Debo aclarar que no soy un lector asiduo de la obra de Mario Mendoza. Me acerqué a su última novela por una recomendación excepcional de un amigo excepcional, y por una excepción, me tomé cuatro horas de un domingo caluroso en la ciudad de la furia para leer Los vagabundos de Dios. Una novela que cruza las fronteras de la imaginación al presentar, capítulo tras capítulo, el porcentaje molecular de la dosis de etanol, alquitrán y gasolina suficientes para mezclar en un cóctel Molotov, y ese cóctel tan explosivo como místico se alcanza a prender, pero inmediatamente se apaga.
Los vagabundos de Dios se presenta como una novela de agitación juvenil y fanatismo ancestral, su personaje principal -cuya personalidad se encuentra anclada a la sombra de una madre errática- divaga por un sinfín de escenarios pospandémicos, buscando, sin norte o dirección clara, la respuesta a preguntas que nunca se fórmula en primera persona. Algo que le permite a Mendoza echar mano de una serie de personajes genéricos con poco o nulo desarrollo; o más bien, con un desarrollo incipiente, pero que terminan casi que por inercia mística cargando con el peso de la narrativa mientras el protagonista busca algún norte.
Sin conocer las posiciones o reflexiones sociales del autor, considero, con algo de intuición, que se vale de las intersecciones existenciales de su protagonista para presentar su visión del mundo; de la política corrosiva y corrupta de un país inmediato; de la fe como posibilidad de sanación ante la depredación voraz del capitalismo; del reciente estallido social, sus angustias, conspiraciones y devaneos. Son tantos temas, delirios y fanatismos, que, al concluir la lectura de la novela -si se lee en cuatro horas, claro está- sobreviene una obsecuente confusión mental.

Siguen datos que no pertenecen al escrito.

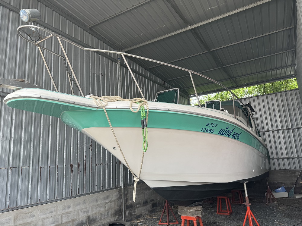 in good condition for its age, this boat SEARAY 290 SUNDANCER builtyear 1993, refit year 2020 and 2025, new engine with 202 hours use, is now for sale in PHUKET.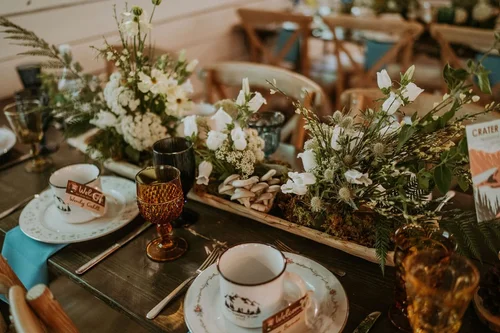 They went with a Vintage Steak house theme featuring custom stamps for their dishware, lamps and bread baskets galore.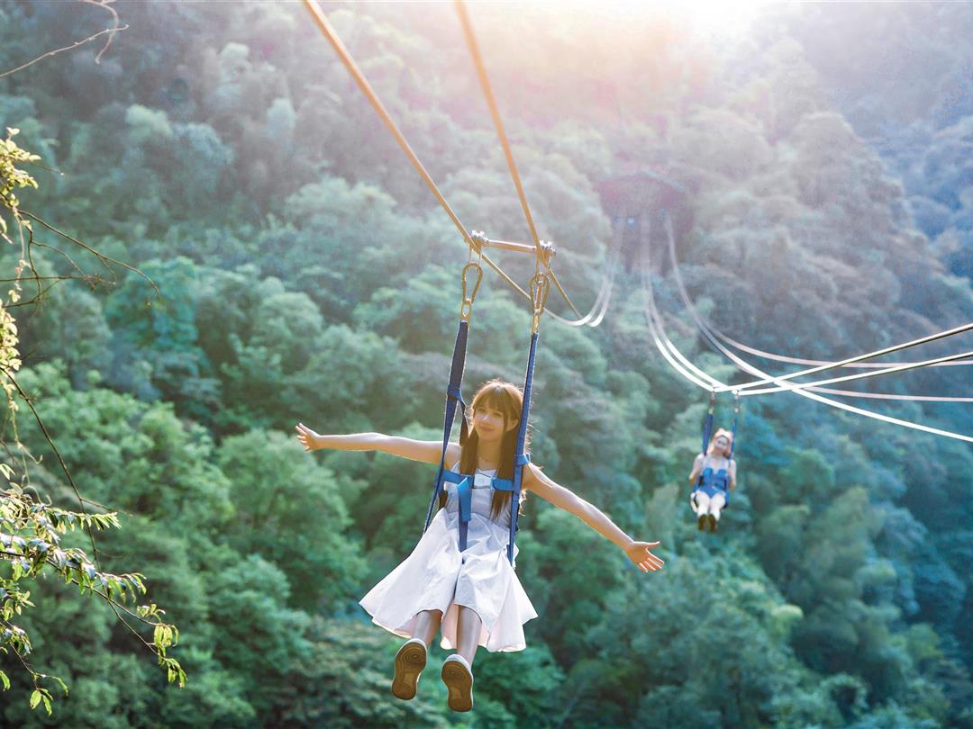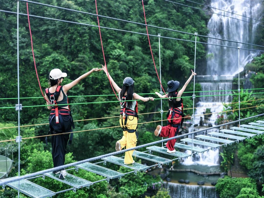 • 溯溪而上还有众多游乐项目:高桥、独木桥、铁链桥、螺旋梯、蜘蛛网、过浮桥、攀岩嶂、踩钢丝、乘浮艇、爬天梯、坐滑索、走长钢丝、高空铁链桥、跨铁链、穿网桥、过竹桥……

Además de cierta burla por una que otra ingenuidad cinematográfica, algo de condescendencia práctica por el destino de algún personaje secundario; eso sí, en ningún momento -y lo digo en mi caso particular- se siente afinidad con el vagabundo mayor -que dudo tenga mucho que ver con el Mario Mendoza de carne y hueso que tampoco conozco-
No sé si forme parte de su estilo o su propuesta estructural, pero la tendencia del autor a conectar a su vagabundo con nuevas posibilidades narrativas, a partir de encuentros casuales, correos electrónicos, llamadas de última hora o fantasmas de ultratumba, me resulta excesivo. Reduce la novela a un cúmulo de historias vagamente conectadas, pero en esencia, son historias confusas y asimétricas. De ahí que el protagonista se mueva al vaivén de una casualidad chochante que siempre resulta siendo muy similar: una llamada, alguien con quien hablar, otra persona para contactar, un correo electrónico. ¿Se me escapa alguna?
Es la primera y seguro es la última novela que leeré de su prolífico autor. Aunque me asiste una intuición, creo, por cierta corazonada, que Mendoza tal vez me resulte más atractivo como cultor del relato breve, así que recibo recomendaciones en ese sentido. Porque en relación a su rol de novelista, considero que en Los vagabundos de Dios tuvo cierta dificultad para sostener una novela de casi 400 páginas.
Por lo demás, me dejó pensando en aquella IA que puede conectar -cual tabla ouija pospandémica y metareferencial- con el aura celestial de los muertos.